Первое, что чувствую – несоответствие, второе – неловкость, как от нескромности. – В чем дело? – Слишком пышно… Слишком явно. – Ну?
Стахович – XVIII век, Бетховен – вне (всякого). Что соединило эти два имени? – Смерть. –
Случайность смерти. Ибо для того, Стаховича, смерть всегда случайность. Даже вольная. Не завершение, а разрыв. Не авторское тире, а цензорские ножницы в поэму. Смерть Стаховича, вызванная 19-м годом и старостью, не соответствует сущности Стаховича – XVIII веку и молодости. Уметь умирать еще не значит любить бессмертье. Уметь умирать – суметь превозмочь умирание – то есть еще раз: уметь жить. Больше – и уже на французском (языке формул) скажу:
Pas de savoir-vivre sans savoir mourir.
Savoir-mourir, обратно savoir-vivre – какое русское существительное! Счастлива, что следующей формулой ввожу его впервые:
Il n’y a pas que le savoir-vivre, il y a le savoir-mourir.
* * *
Но что же с Бетховеном и Стаховичем?
А! кажется, поняла. Стахович – более XVIII века, чем Бетховен, рожденный в нем, равно как траурный марш Бетховена больше смерть, чем лежащий в гробу Стахович. Смысл Стаховича (XVIII века!) – Жизнь. И в смертном дне, как в любовном: "Point de lendemain!". Стахович уходит весь. Бетховен – тот рай, в который дано войти Стаховичу. В траурном марше Бетховена, по отношению к Стаховичу, некая двойная грубость: acte de décès (живому не играют!) и acte d’ abdication (доиграл!).

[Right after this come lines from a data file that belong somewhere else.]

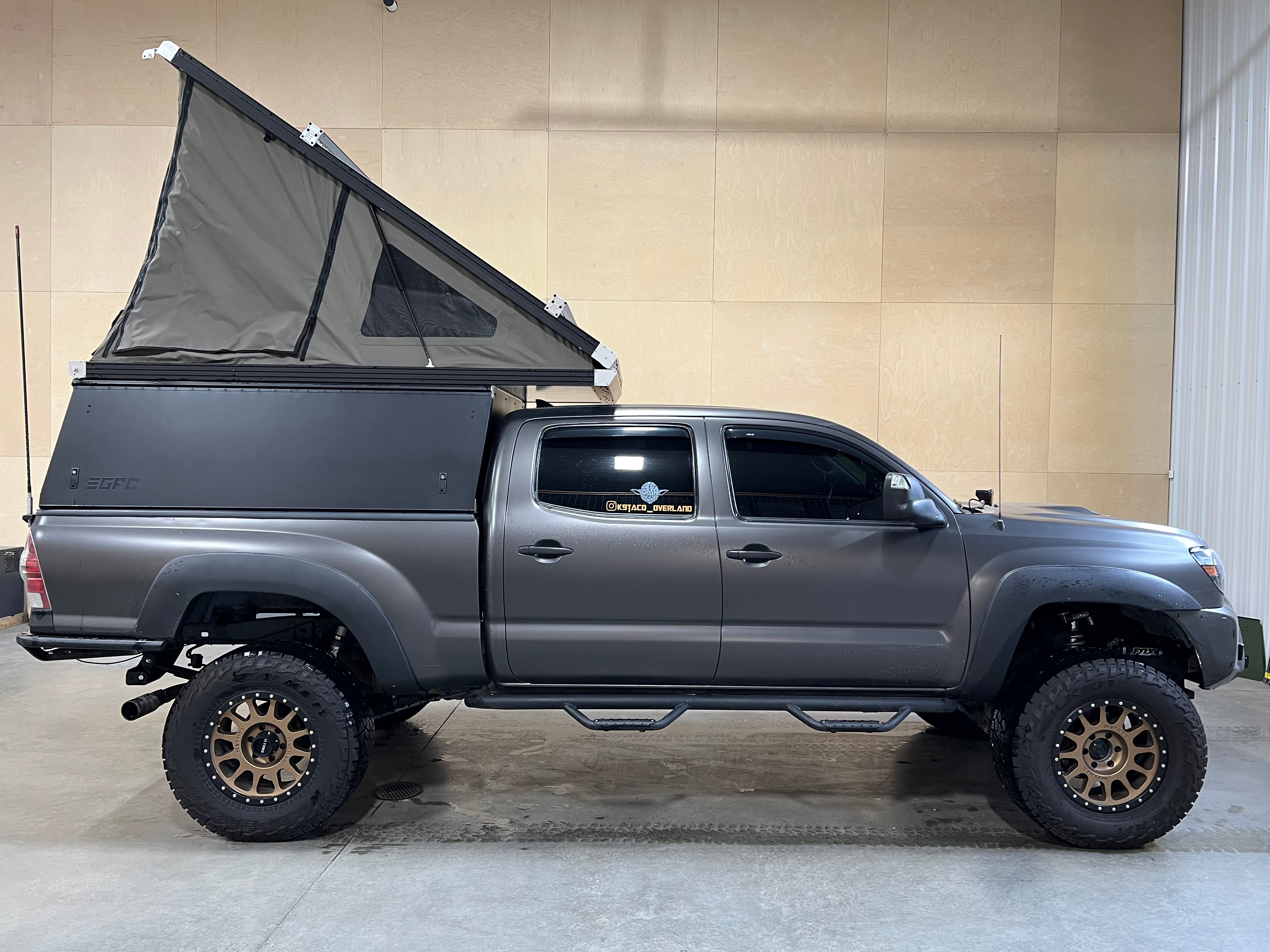 This 2014 Toyota Tacoma is outfitted with a GFC Platform Camper with Black panels. Check out more build specs below.
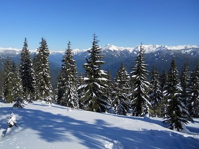 Cow Heaven is a strenuous snowshoe hike with 4,000 ft in elevation gain over 5 miles one way. The trail follows a creek up through forests and steep switchbacks. Scramble the southern ridge from Cow Heaven to reach Helen Buttes.
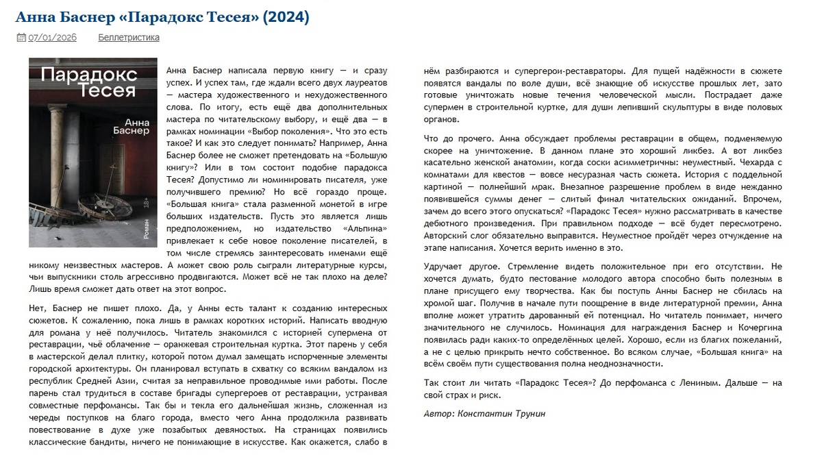 Анна Баснер "Парадокс Тесея" (2024) | Критика
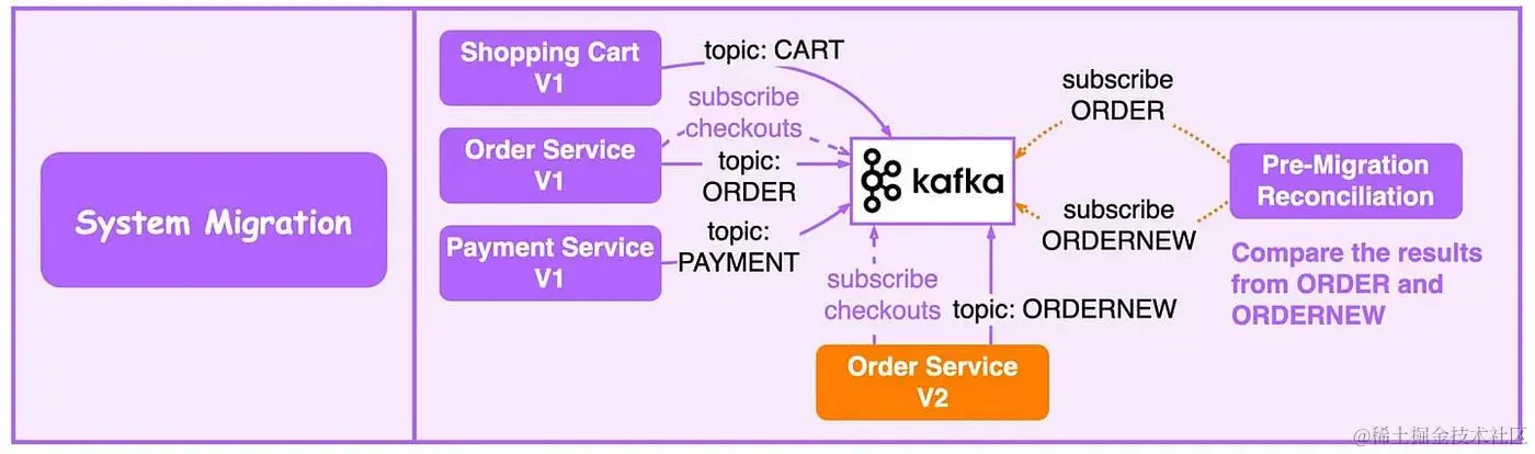 - 在下图中,为了升级下图中的订单服务,我们更新旧的订单服务以使用来自 Kafka 的输入并将结果写入 ORDER 主题。新订单服务使用相同的输入并将结果写入 ORDERNEW 主题。
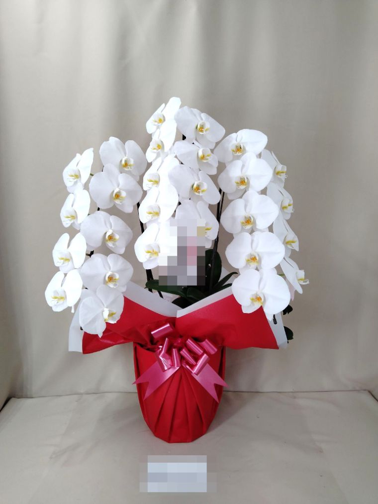 胡蝶蘭の実際にお届けした写真です。花秘書では発送前に写真をメールで送信致しますので安心して大切な顧客や取引様へのギフトにご利用頂けます。
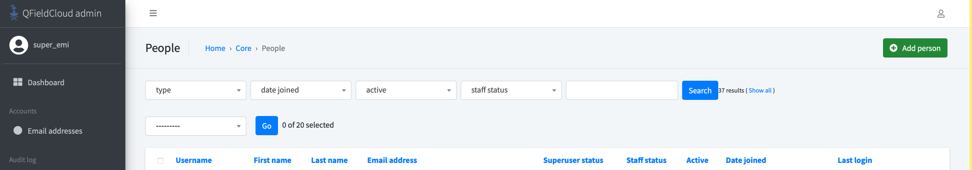 But for some reason users selection (e.g. for project members) does not work with the previous URL, so use the direct IP adress https://134.21.20.118:444/admin/login/?next=/admin/
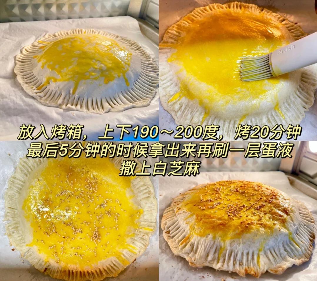 ②烤箱上下190~200度,烤20分钟,最后5分钟的时候拿出来再刷一层蛋液,撒上白芝麻开吃。
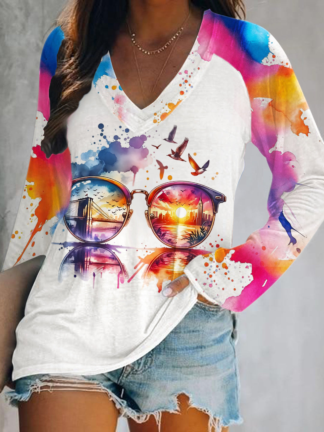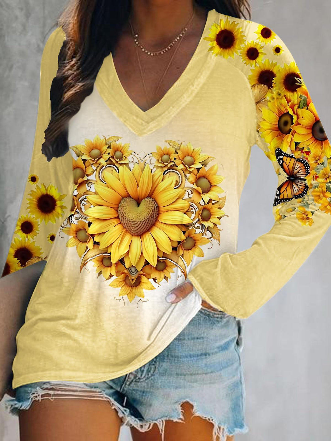 Valentine's Day Love Sunflowers Print V-Neck Long Sleeve Top
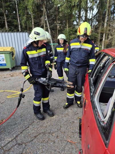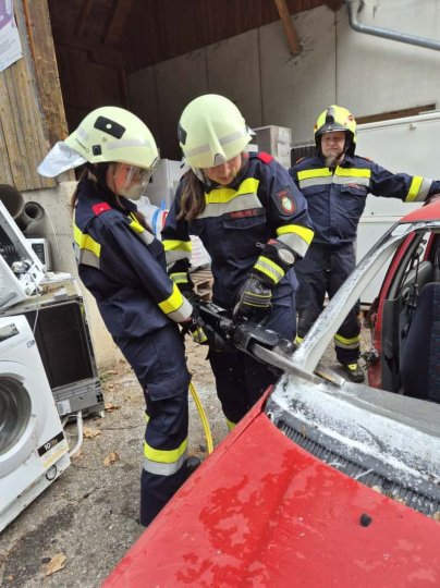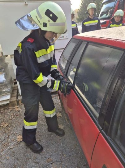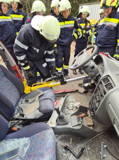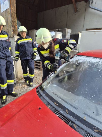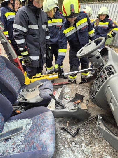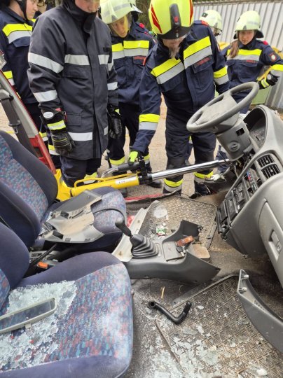 Übungsziel war es, einen technischen Einsatz mit Menschenrettung aus einem Fahrzeug zu beüben und die Gerätschaften zur technischen Menschrettung allen voran Hydraulisches Rettungsgerät mit Spreizer und Schere zu bedienen. Mit viel Selbstvertrauen und Courage wurde das Fahrzeug bis zum Schluss in seine Einzelteile zerlegt, um allen die Möglichkeit zu geben sich an die Gerätschaften und deren Arbeitsweise zu gewöhnen.
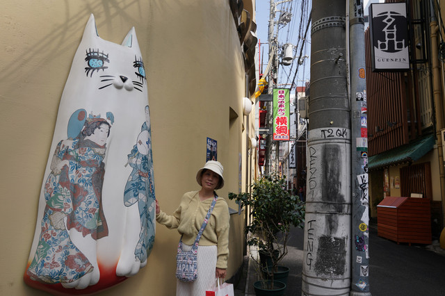 晚上经过酒店前面的地下通道,店铺林立,吃的、穿的,走了心斋桥、道顿堀,在高举双手的马拉松运动员广告牌前拍摄良久,各国游客摩肩擦踵,比划着留影。待回到酒店时,在楼下的7-11超市买了一大袋食品。这里不得不说一下超市,大量的食品一样样品尝,足以填饱肚子,所以我们每天晚上回酒店会带一袋子食品,一般大概2000日元,100人民币。

Ясно ли то, что я хочу сказать?
– Ах, лучше всего бы меня понял сам Стахович!
* * *
Речь Станиславского:
"У друга было в жизни три любви: семья, театр, лошади. Семейная жизнь – тайна, в лошадях я не знаток… Я буду говорить о театре".

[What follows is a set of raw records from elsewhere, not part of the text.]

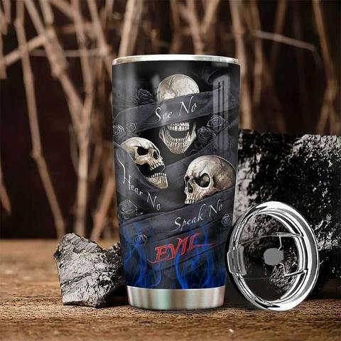 Wise Skull See No Hear No Speak No Kd2 Stainless Steel Tumbler, Personalized Tumblers, Tumbler Cups, Custom Tumblers
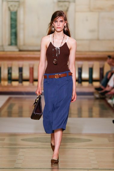Gonne in pelle a vita bassa, morbide polo, abiti stropicciati, power suit fantasia e tocchi di colore, dal giallo burro al ceruleo, sfilano a New York sulla passerella Primavera/Estate 2026 di Tory Burch
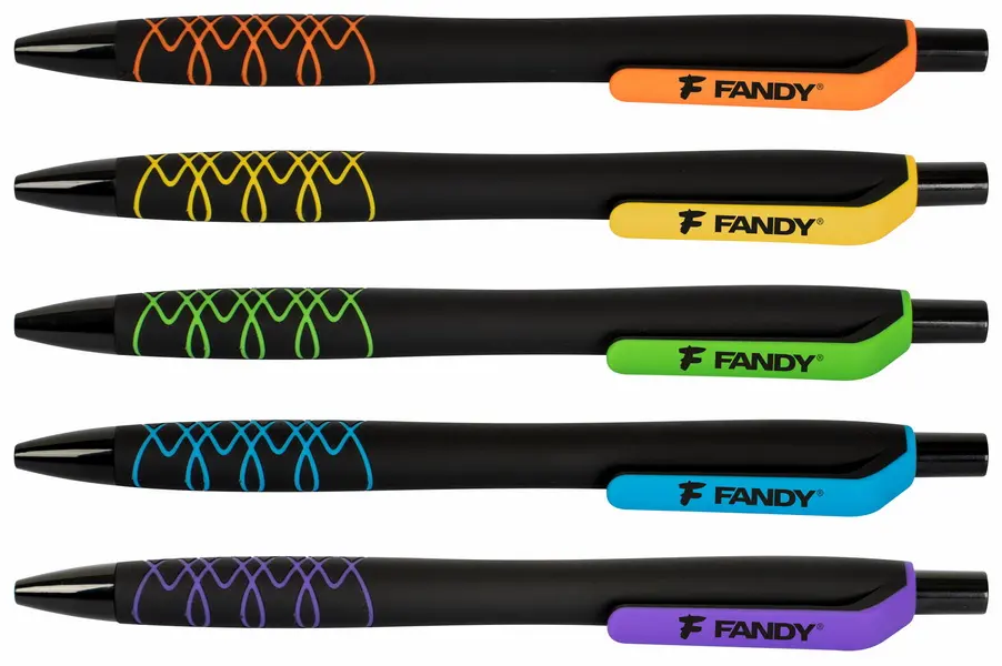 plastové kuličkové pero, stiskací mechanismus, pogumované tělo pro velmi příjemné v držení, vyměnitelná náplň F-411, modrý inkoust, šíře stopy 0,7 mm, mix barev

Рассказ о том, как впервые появился за кулисами Охотничьего клуба, в великокняжеской свите, красавец адъютант Стахович. "Великие князья, как им и подобает, оставались недолго. Адъютант остался". – И постепенное – негласное – участие блестящего гвардейца в постановках – в роли arbiter elegantarum. ("Нужно будет спросить у Стаховича", "это не по Стаховичу", "как бы это сделал Стахович?") Поездка для изучения дворянского и крестьянского быта в подмосковное имение Стаховича. – "Мы были приняты по-царски". – Нежность Стаховича. – "Заболевал ли кто-нибудь из группы, кто оставался при больном в московской жаре и духоте? Блестящий великосветский гвардеец превращался тогда в самую заботливую няньку…" Рассказ о том, как Стахович, вырвавшись с придворного бала, прилетел на пять минут в Художественный театр, чтобы полаять по-собачьи в граммофонную трубу для постановки "Вишневого сада".
* * *
Говорят не так и не те. Станиславский – слишком просто (я бы даже сказала – простецки), сводя всего Стаховича к быту: сначала придворно-военному, потом театральному и, что хуже всего – к Художественному театру: олицетворению его! – упуская элемент мятежа, толкнувшего придворного – в актерство, наивно смешивая обаяние над Стаховичем дерзкого слова "художественники" с влечением к Художественному театру, как к таковому, забывая и фон и тон той удушающей эпохи, забывая откуда и только помня – куда.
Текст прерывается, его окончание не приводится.